**** Source data ****

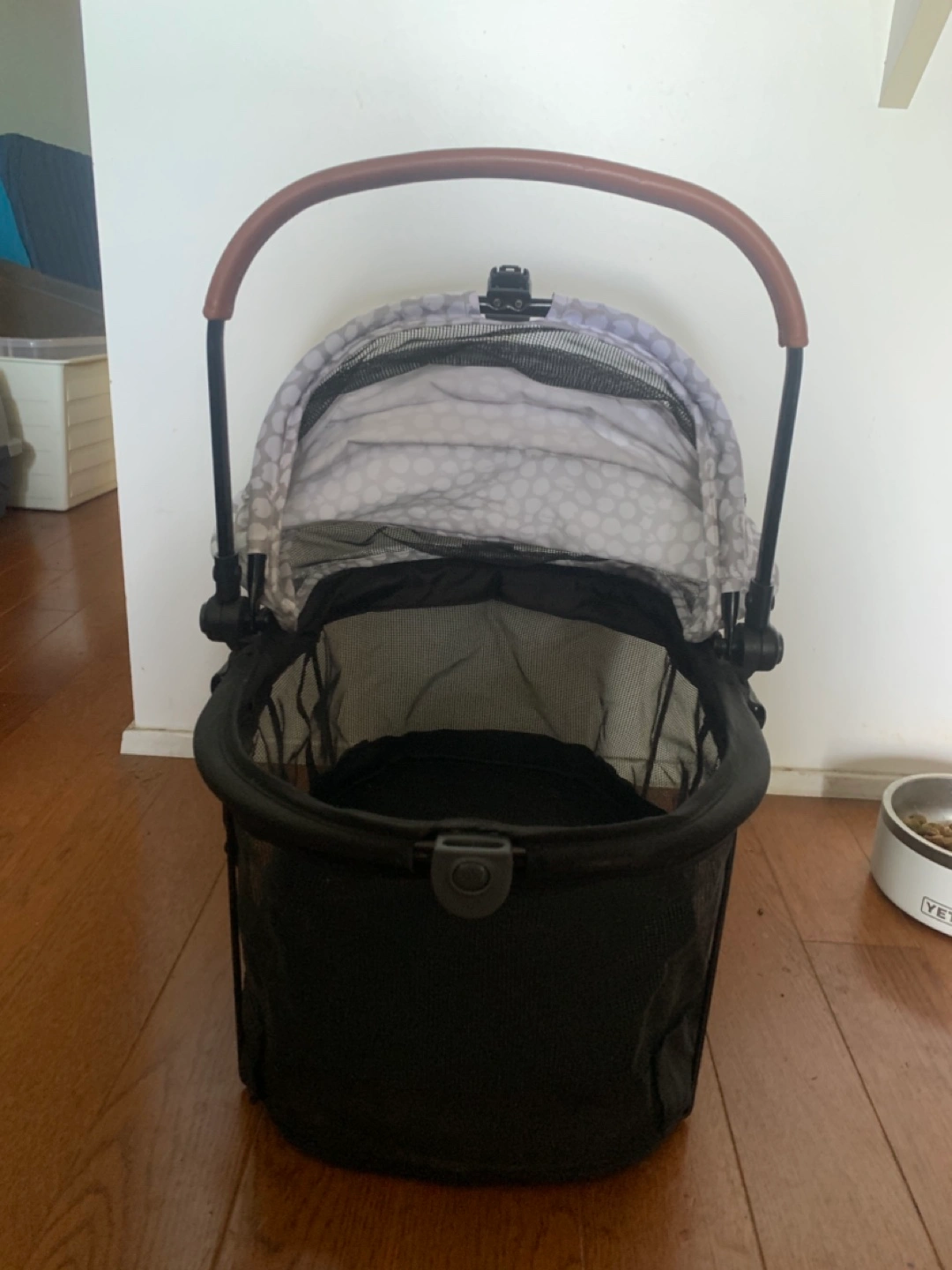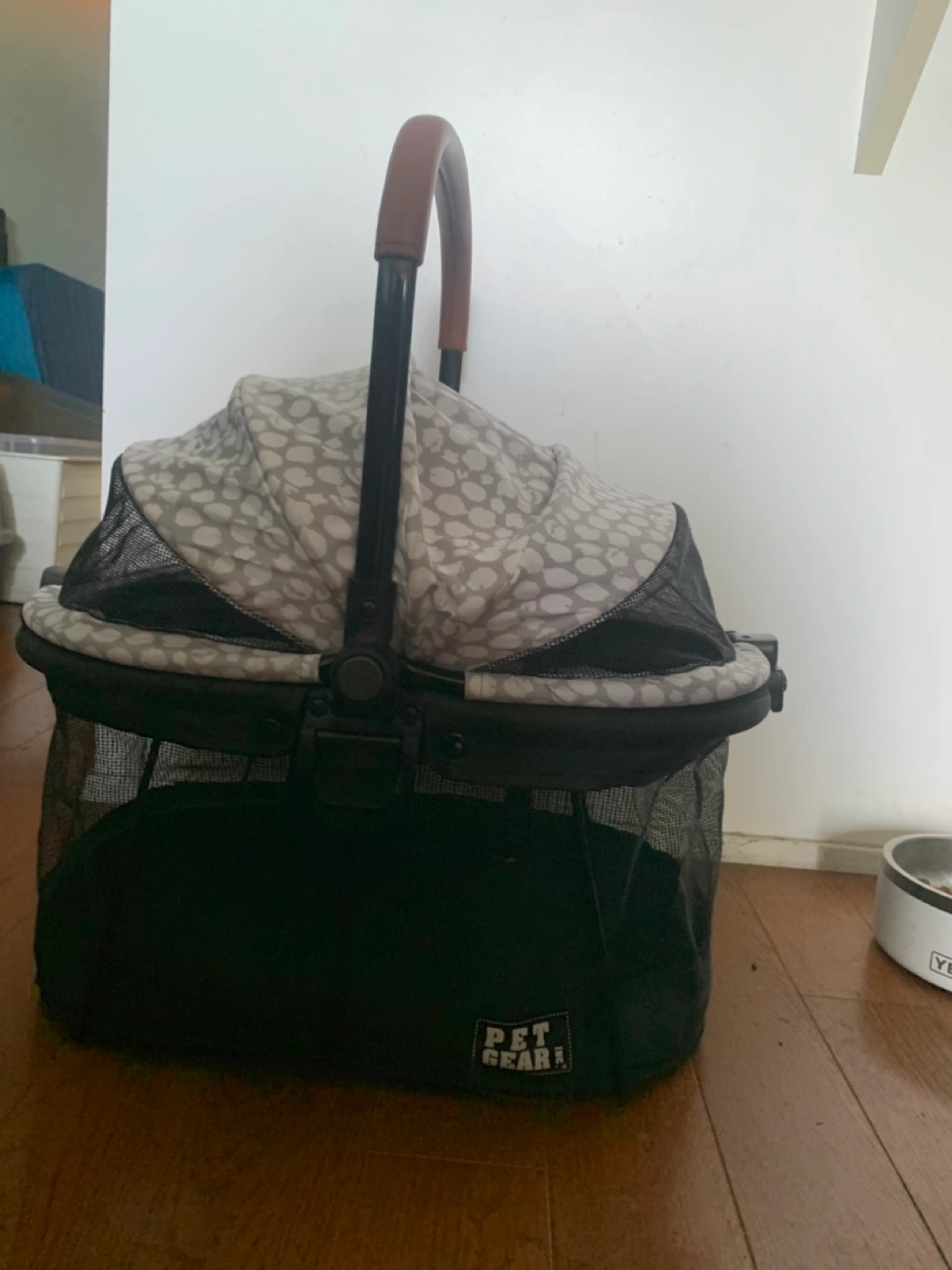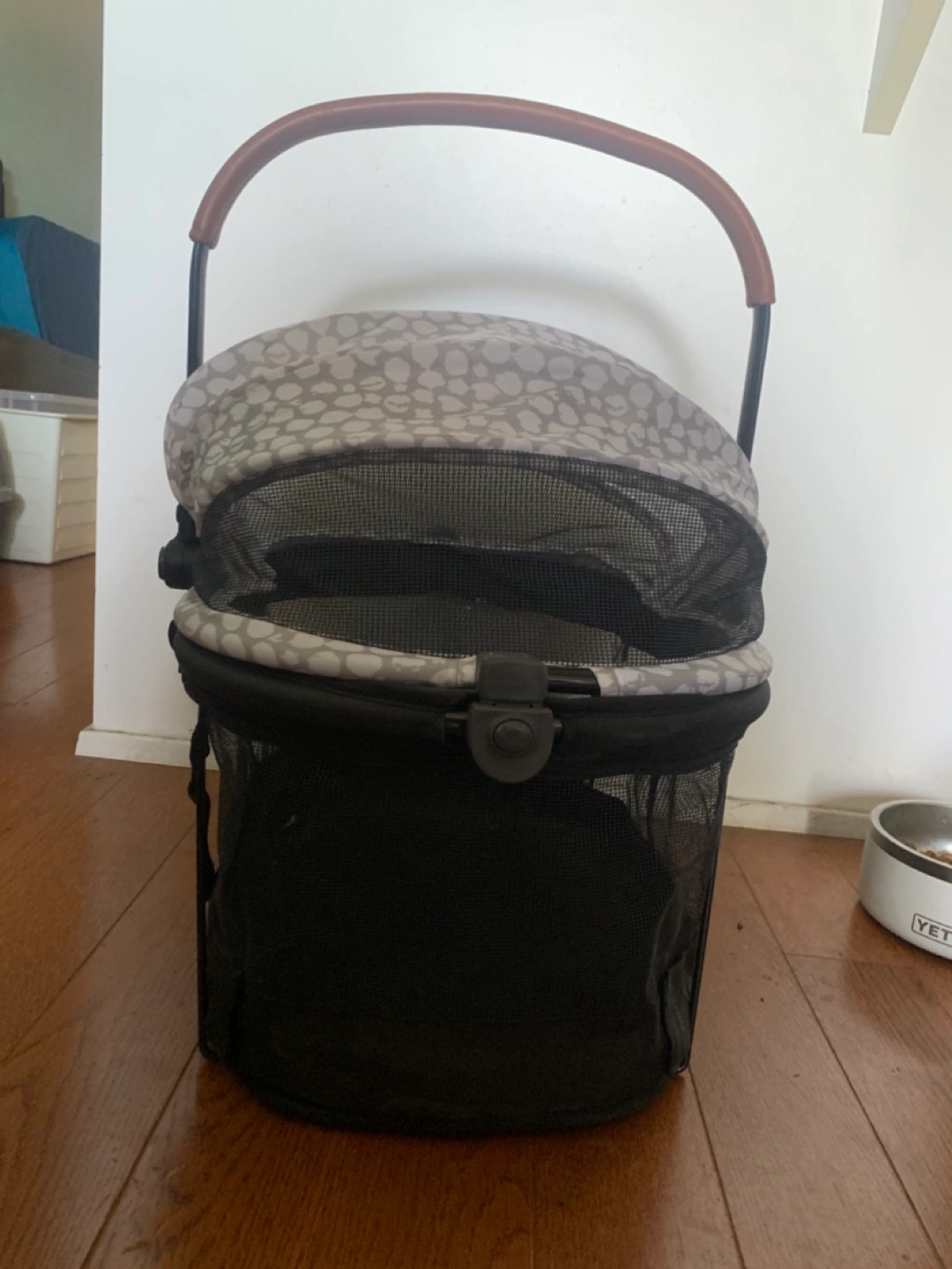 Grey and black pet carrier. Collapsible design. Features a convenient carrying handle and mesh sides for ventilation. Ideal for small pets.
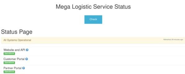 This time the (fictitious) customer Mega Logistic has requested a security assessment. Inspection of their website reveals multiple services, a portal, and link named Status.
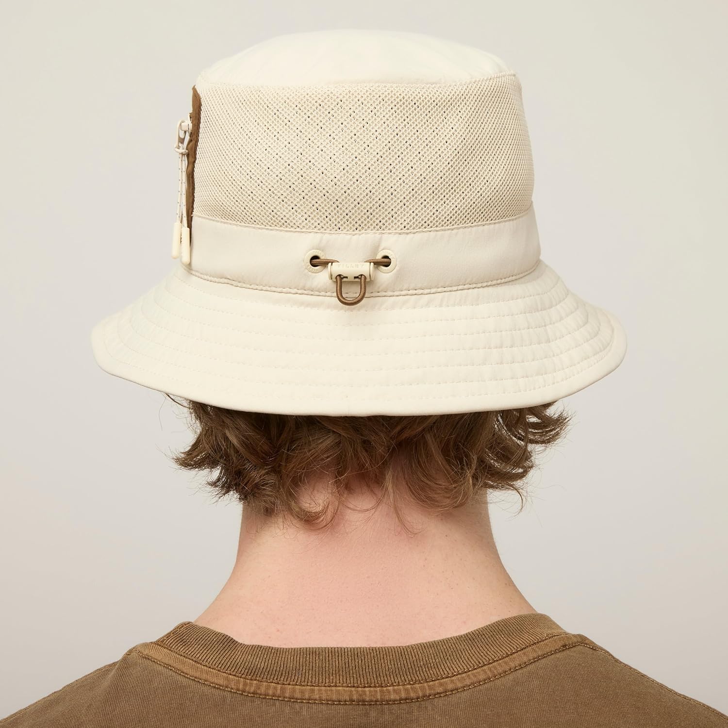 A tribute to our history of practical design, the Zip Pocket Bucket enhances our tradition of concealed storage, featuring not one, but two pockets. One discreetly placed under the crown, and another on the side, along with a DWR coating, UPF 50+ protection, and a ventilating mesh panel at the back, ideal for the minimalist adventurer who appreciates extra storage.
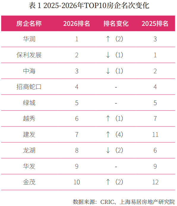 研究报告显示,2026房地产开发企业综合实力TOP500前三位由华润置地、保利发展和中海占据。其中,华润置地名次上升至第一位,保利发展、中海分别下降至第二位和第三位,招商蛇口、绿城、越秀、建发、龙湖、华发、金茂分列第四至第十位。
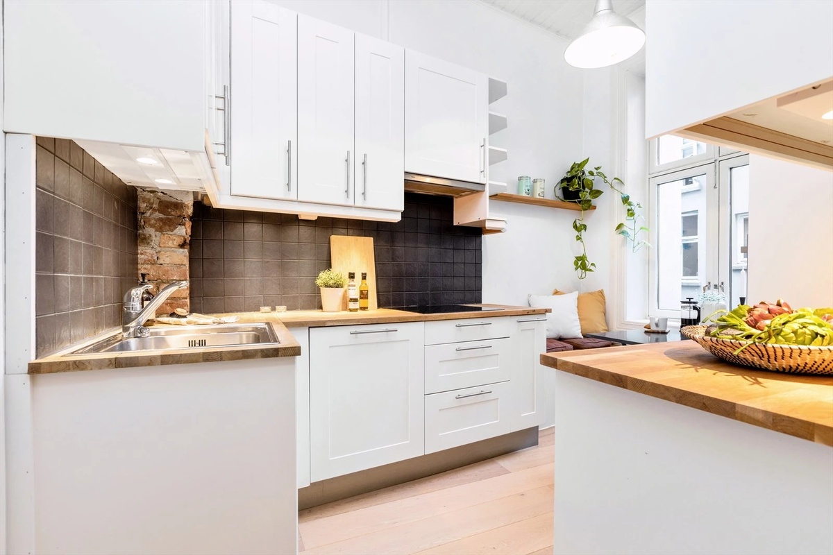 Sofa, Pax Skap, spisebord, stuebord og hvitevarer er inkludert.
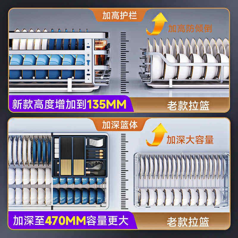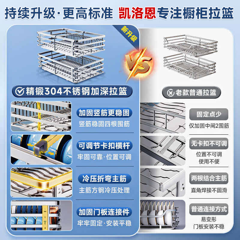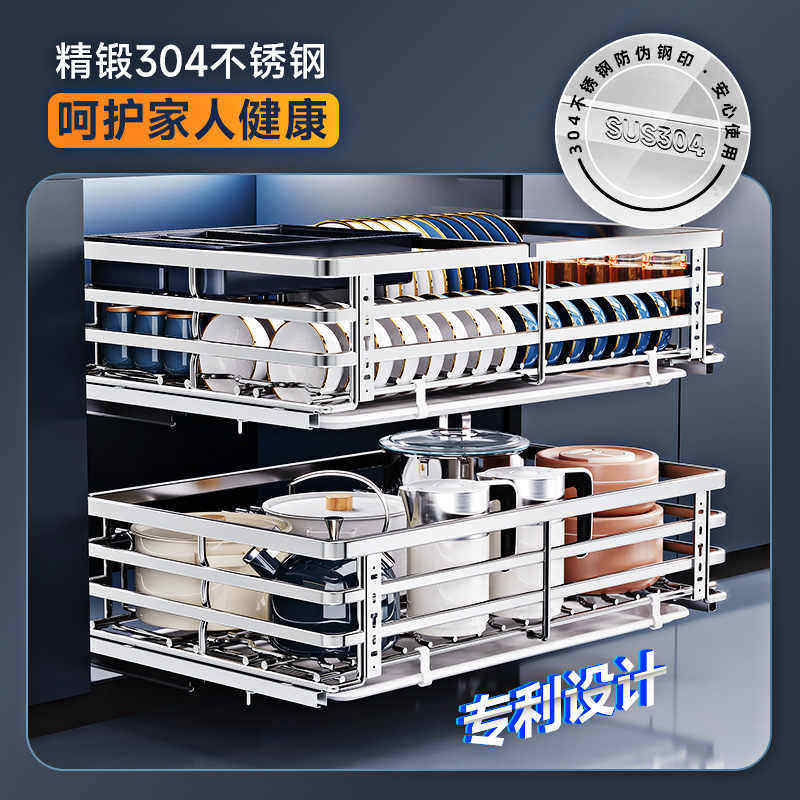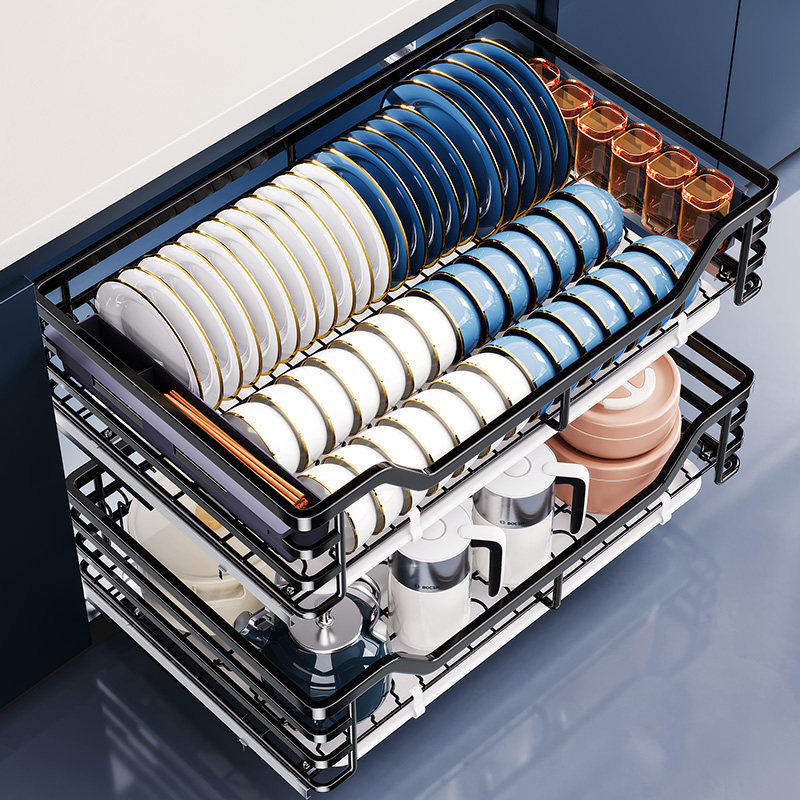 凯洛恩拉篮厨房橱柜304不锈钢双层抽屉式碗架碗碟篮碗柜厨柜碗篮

****

What is being asked: This exercise asks for an exact copy of the lines from the first one in the data through the line that contains "This time the", pictures excluded.

Solution for this task:
 Grey and black pet carrier. Collapsible design. Features a convenient carrying handle and mesh sides for ventilation. Ideal for small pets.
 This time the (fictitious) customer Mega Logistic has requested a security assessment. Inspection of their website reveals multiple services, a portal, and link named Status.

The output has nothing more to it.